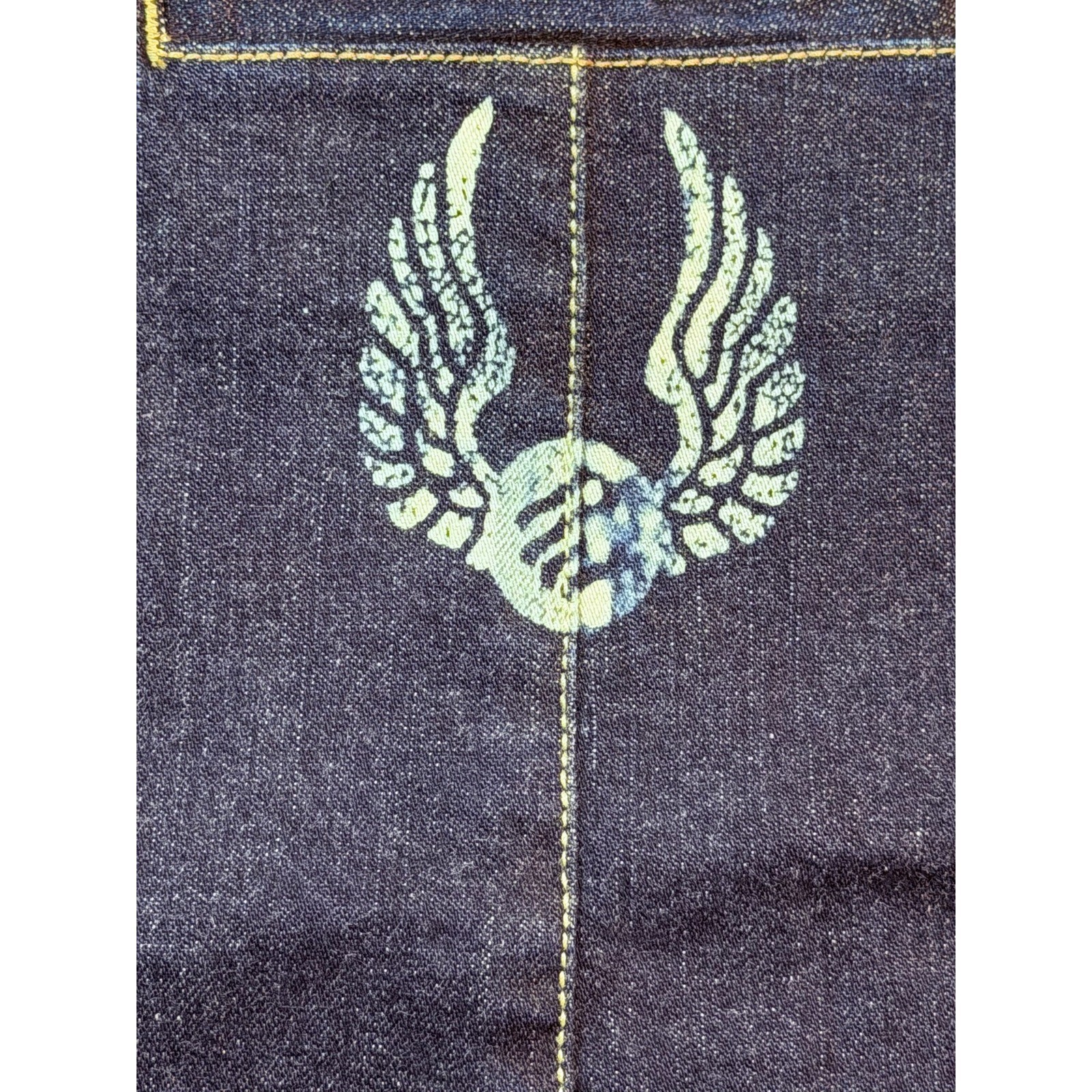 Dark wash denim mini skirt with a pleated front design and contrast stitching. This vintage piece features an embroidered logo on the front hem and a winged graphic on the back pocket. Constructed from a comfortable cotton-spandex blend, it includes classic belt loops and a zip fly with button closure for a secure fit. Measurements: • Waist: 30" • Length: 18" Brand: Rocawear Style: Pleated Denim Mini Skirt Color: Indigo (IND) Material: 98% Cotton, 2% Spandex Size: 5/6 Pattern: Solid with Embroidery Closure: Zip Fly Keywords: Y2K, Streetwear, Hip Hop, Vintage Style, Pleated Skirt, Denim Mini, Embroidered, Dark Wash, Retro, 90s Aesthetic, Urban Fashion, Rocawear Denim, Anime, NWT
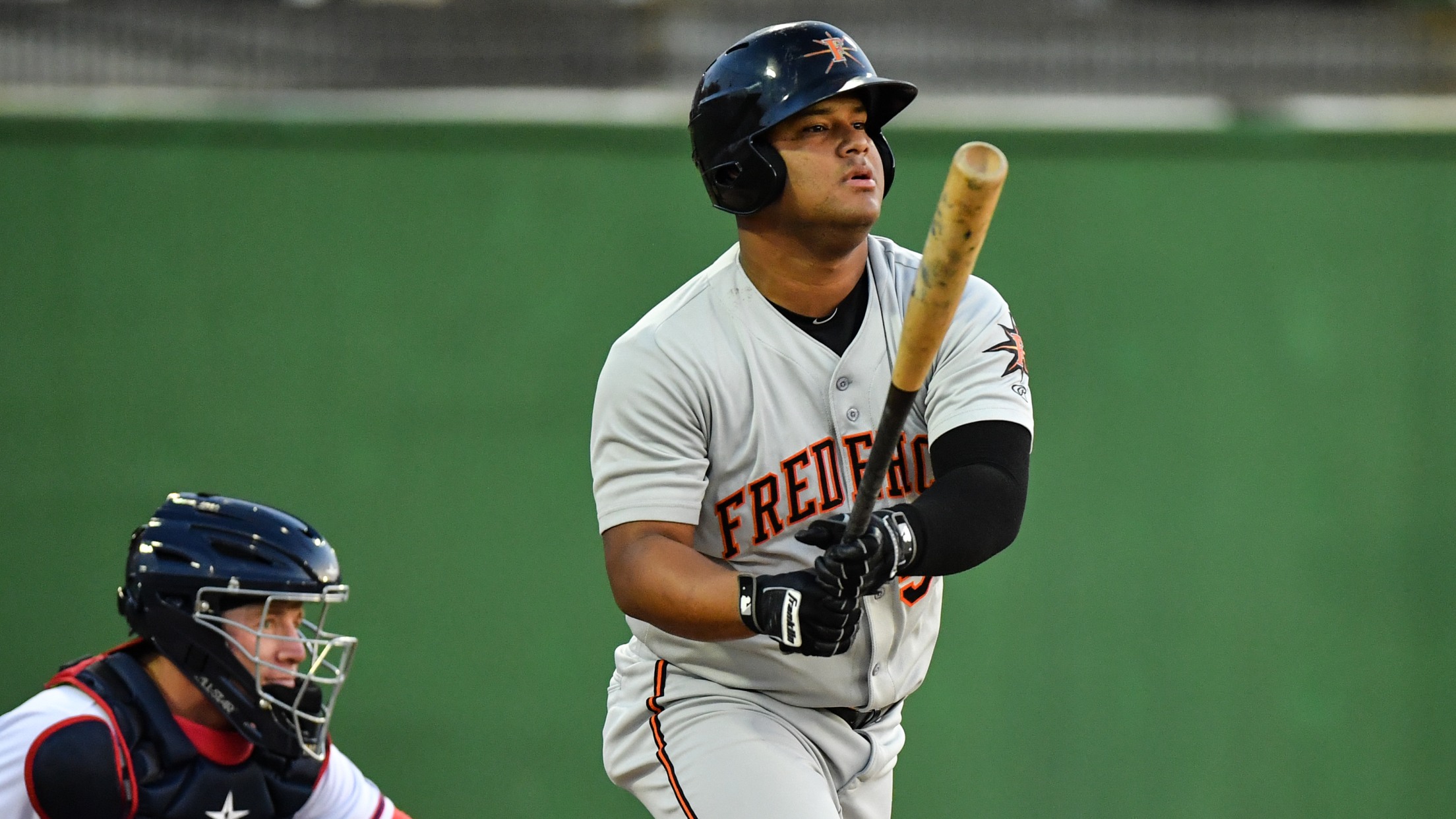 Wilson Garcia has been showing off double vision lately, and he provided the fireworks again Wednesday.For the ninth time in eight games, Baltimore's first-base prospect went yard. He blasted two long balls for the second consecutive game in the Class A Advanced Frederick's 5-3 loss to Carolina at Five County
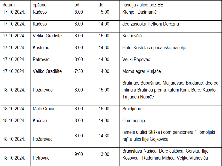 Mole se korisnici da tokom trajanja radova isključe svoje uređaje sa mreže i da ih ponovo uključe po obnavljanju snabdevanja električnom energijom.

■ Exercise objective:
Restate verbatim the lines that begin at the one holding "Wilson Garcia has" and end at the last line of the material. Exclude pictures.

■ Reply:
 Wilson Garcia has been showing off double vision lately, and he provided the fireworks again Wednesday.For the ninth time in eight games, Baltimore's first-base prospect went yard. He blasted two long balls for the second consecutive game in the Class A Advanced Frederick's 5-3 loss to Carolina at Five County
 Mole se korisnici da tokom trajanja radova isključe svoje uređaje sa mreže i da ih ponovo uključe po obnavljanju snabdevanja električnom energijom.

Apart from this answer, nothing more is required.